EXERCISE DATA:
============================================================

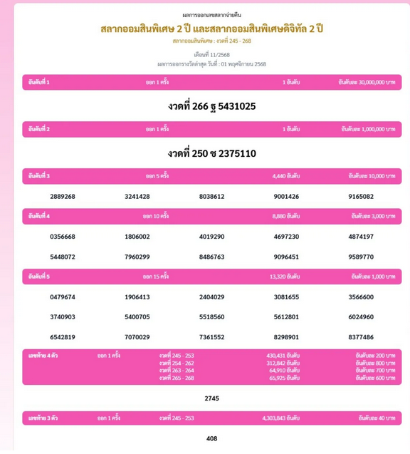 งวดที่ 265-268 จำนวน 65,925 อันดับ อันดับละ 600 บาท
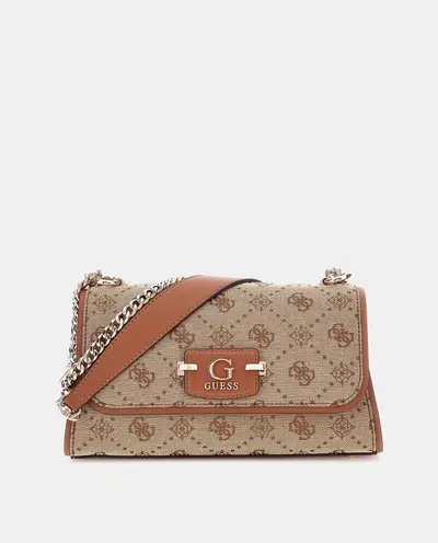 Модель бандолеры Неда с отделкой под новый логотип и магнитным клапаном, центральным металлическим логотипом Guess и регулируемой ручкой золотистого оттенка, а также наружным карманом с задней стороны на молнии.
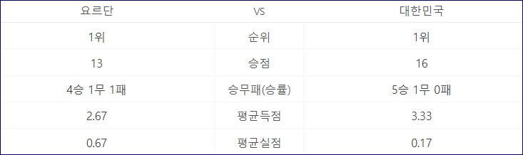 ▪ 경기 기록 (승-무-패) : 요르단은 4승 1무 1패를 기록했고, 대한민국은 5승 1무로 패배가 없었습니다.

============================================================

PROMPT: Write out all of the data above exactly, without any of its pictures.

RESULT OF THE EXERCISE:
 งวดที่ 265-268 จำนวน 65,925 อันดับ อันดับละ 600 บาท
 Модель бандолеры Неда с отделкой под новый логотип и магнитным клапаном, центральным металлическим логотипом Guess и регулируемой ручкой золотистого оттенка, а также наружным карманом с задней стороны на молнии.
 ▪ 경기 기록 (승-무-패) : 요르단은 4승 1무 1패를 기록했고, 대한민국은 5승 1무로 패배가 없었습니다.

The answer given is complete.